Under the social contract we are all pretty much aware of our rights and responsibilities, but Carmel wants to make it known that the only right that smokers have at present is the legal right to buy tobacco products - they have NO rights relating to discrimination against them shown when they actually use their legal product.

“When I returned to work after a long break I was shocked by the change in attitude of the people around me,” says Carmel. “I thought I had a legal right to challenge anyone who used smoking as a reason to hire, fire or vilify someone – but that isn’t true at all.”

“I agree that cigarette smoking is a health hazard to smokers and those caught in the slipstream of cigarette smoke; and I am well aware that it is a dirty, highly addictive and expensive habit having been banned world-wide in workplaces - and public buildings,” says Carmel. “I not only uphold that law but also consider it to be an excellent law, but I am adamant that the choice to smoke is personal and I should not be discriminated against, or vilified, because of that choice.”

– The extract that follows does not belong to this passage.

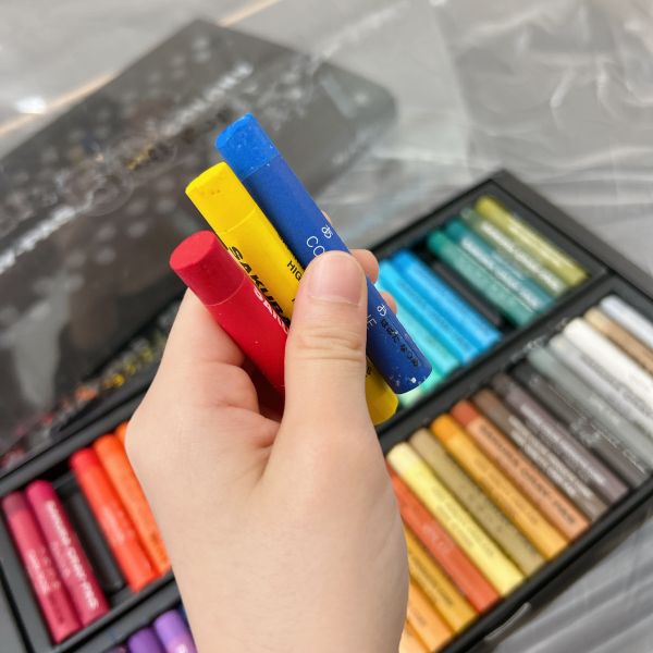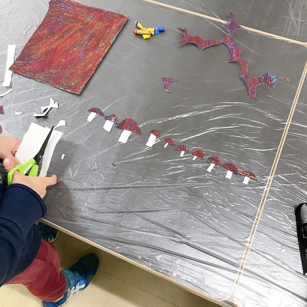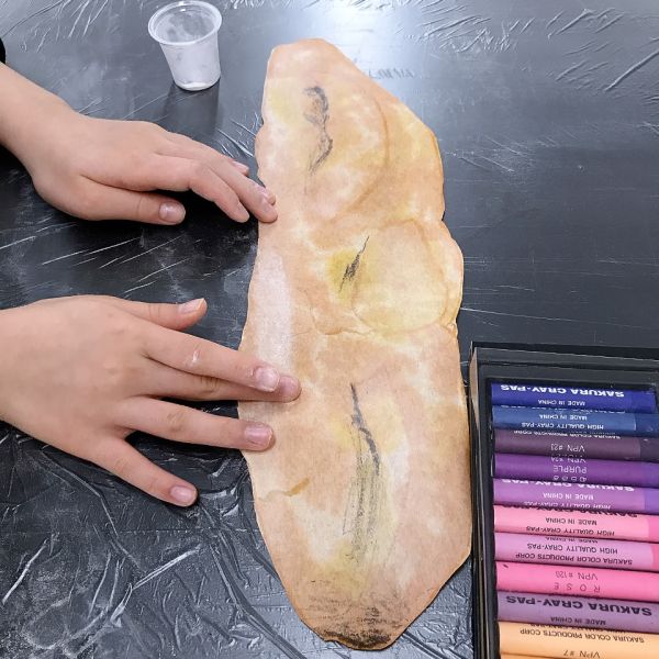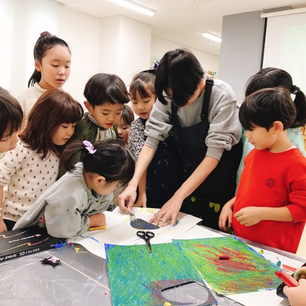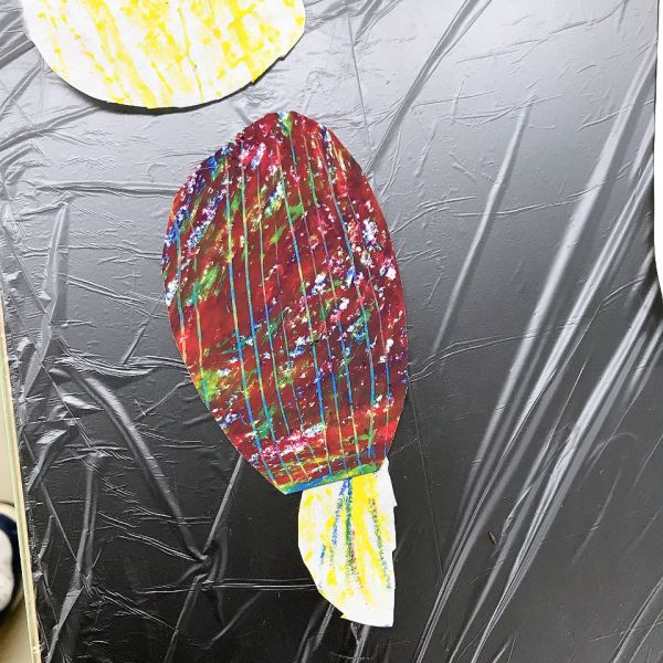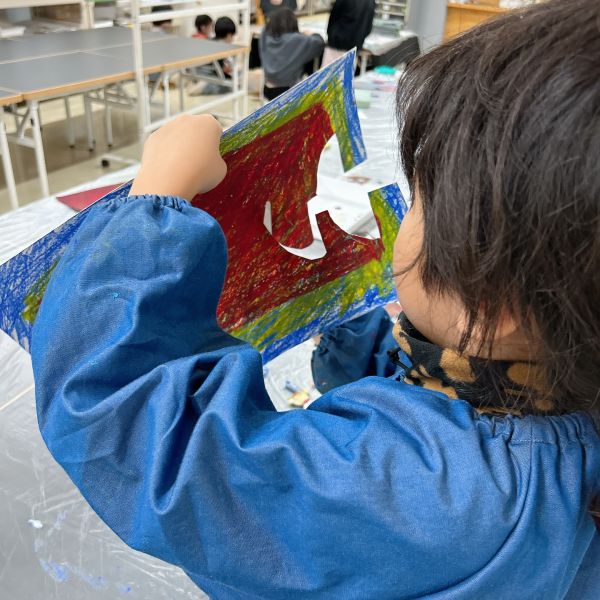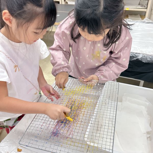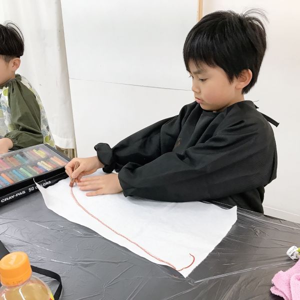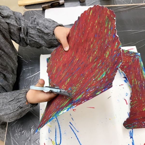 これだけ色を塗り込むと、いつもの画用紙がずっしり重たく感じるほど。力いっぱい塗り続けたこどもたちは、この重厚感が何よりもの達成感!油性のクレヨンならではの質感や、混色から生まれた微妙な色の変化がとても魅力的です。

“What’s the good of being able to buy a legal product that you can’t use?” asks Carmel. “And why is it okay to discriminate against and vilify smokers when it is not okay, for instance, to behave that way towards someone else who is different in some way?”

“What sort of society are we living in that allows this situation to exist?” asks Carmel. “I pay my taxes like everyone else – actually a whole lot more tax because I smoke – and I expect to be protected by my government under the social contract. It is taking my money but not protecting me!”

"If governments worldwide banned the sale of the substance, and ceased reaping a profit from nicotine addicts like me," says Carmel, "then I’d have a real chance to face my addiction and conquer it."

“I grew up within a generation that thought drugs were groovy and smoking cigarettes was a sign of sophistication,” says Carmel, “so I am not only dealing with nicotine addiction but also a powerful emotional factor supporting my smoking habit.”

“The more authorities dictate to me what I can and cannot do, the more likely I am to dig my heels in,” says Carmel. “I know it is no longer fashionable to smoke, but giving up cigarettes is not going to be as easy for me as discarding my flares and platform shoes – and why should I when I actually enjoy smoking?”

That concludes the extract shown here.